Comment 8 cornel panceac 2011-04-09 04:36:24 UTC
thank you for your help. indeed i had a "faulty" line in fstab and i changed it accordingly. however, i must ask this: does systemd really have to wait 3 minutes to figure out a swap partition is missing? and all this time the boot has to be halted?

Comment 9 Michal Schmidt 2011-04-10 20:57:40 UTC
In general the boot has to wait until the configured swaps are ready, because continuing without them may result in running out of memory.

Also in general it is correct to give the hardware/kernel/udev enough time to discover the disks.

I see how this situation could be considered special though. When the system has discovered the /dev/sda disk and after reading its partition table it sees only one partition, it should know it is futile to wait for sda3. So perhaps the case could be handled better somehow.

But keeping in mind that this is, after all, a misconfiguration and that there are still reported bugs affecting correctly configured systems, I wouldn't expect much effort going into fixing this inconvenience any time soon.

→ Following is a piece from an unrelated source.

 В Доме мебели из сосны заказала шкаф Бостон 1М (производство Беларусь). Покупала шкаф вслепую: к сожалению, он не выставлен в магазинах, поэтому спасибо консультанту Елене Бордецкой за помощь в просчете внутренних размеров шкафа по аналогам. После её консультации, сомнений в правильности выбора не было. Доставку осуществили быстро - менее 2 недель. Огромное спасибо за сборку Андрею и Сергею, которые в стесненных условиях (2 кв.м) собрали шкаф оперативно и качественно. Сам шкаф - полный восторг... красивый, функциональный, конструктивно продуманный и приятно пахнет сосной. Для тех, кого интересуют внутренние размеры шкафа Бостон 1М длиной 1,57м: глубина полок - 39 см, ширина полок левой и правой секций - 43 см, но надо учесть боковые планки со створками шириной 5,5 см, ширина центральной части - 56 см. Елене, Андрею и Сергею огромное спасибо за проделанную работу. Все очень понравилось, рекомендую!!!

Comment 10 Lennart Poettering 2011-04-11 18:07:20 UTC
You can add "nofail" to the mount options of your swap device. If you do then systemd will use it when it shows up, but not wait for it at boot. So I think your case is pretty well covered already.

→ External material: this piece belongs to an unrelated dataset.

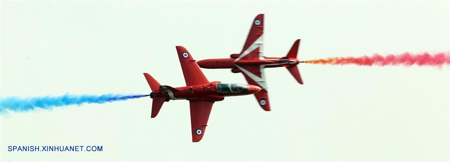 ZHUHAI, noviembre 3, 2016 (Xinhua) -- Red Arrows, equipo acrobático de la Real Fuerza Aérea británica participan en la XI Exhibición Internacional de Aviación y Aeroespacial de China, en Zhuhai, provincia de Guangdong, en el sur de China, el 2 de noviembre de 2016. (Xinhua/Cai Yang)

Comment 11 cornel panceac 2011-04-11 18:14:52 UTC
thank you very much for your support. do you think one day a system will be able to "learn" from experience and add nofail by itself (maybe temporary) if the device was once missing? or if the device is not present in the partition table?

Comment 12 Lennart Poettering 2011-04-11 18:22:18 UTC
We cannot know what is necessary to make a device show up. We have to assume that a device is just slow in probing, and then eventually time-out.

On certain machines swap devices are needed for normal operation (simply because there is not enough real RAM). I think we should follow user configuration as far as possible, and never rewrite what the user explicitly configured.

Comment 13 cornel panceac 2011-04-11 18:28:54 UTC
i see. is there a way to configure the timeout to a smaller value?

Comment 14 Lennart Poettering 2011-04-11 18:38:49 UTC
Not right now (unless you configure the swap partition via a .swap unit file, instead of a line in /etc/fstab), but I do plan to add an option for that in fstab very soon.

Comment 15 cornel panceac 2011-04-11 19:00:30 UTC
that would be great. thank you very much.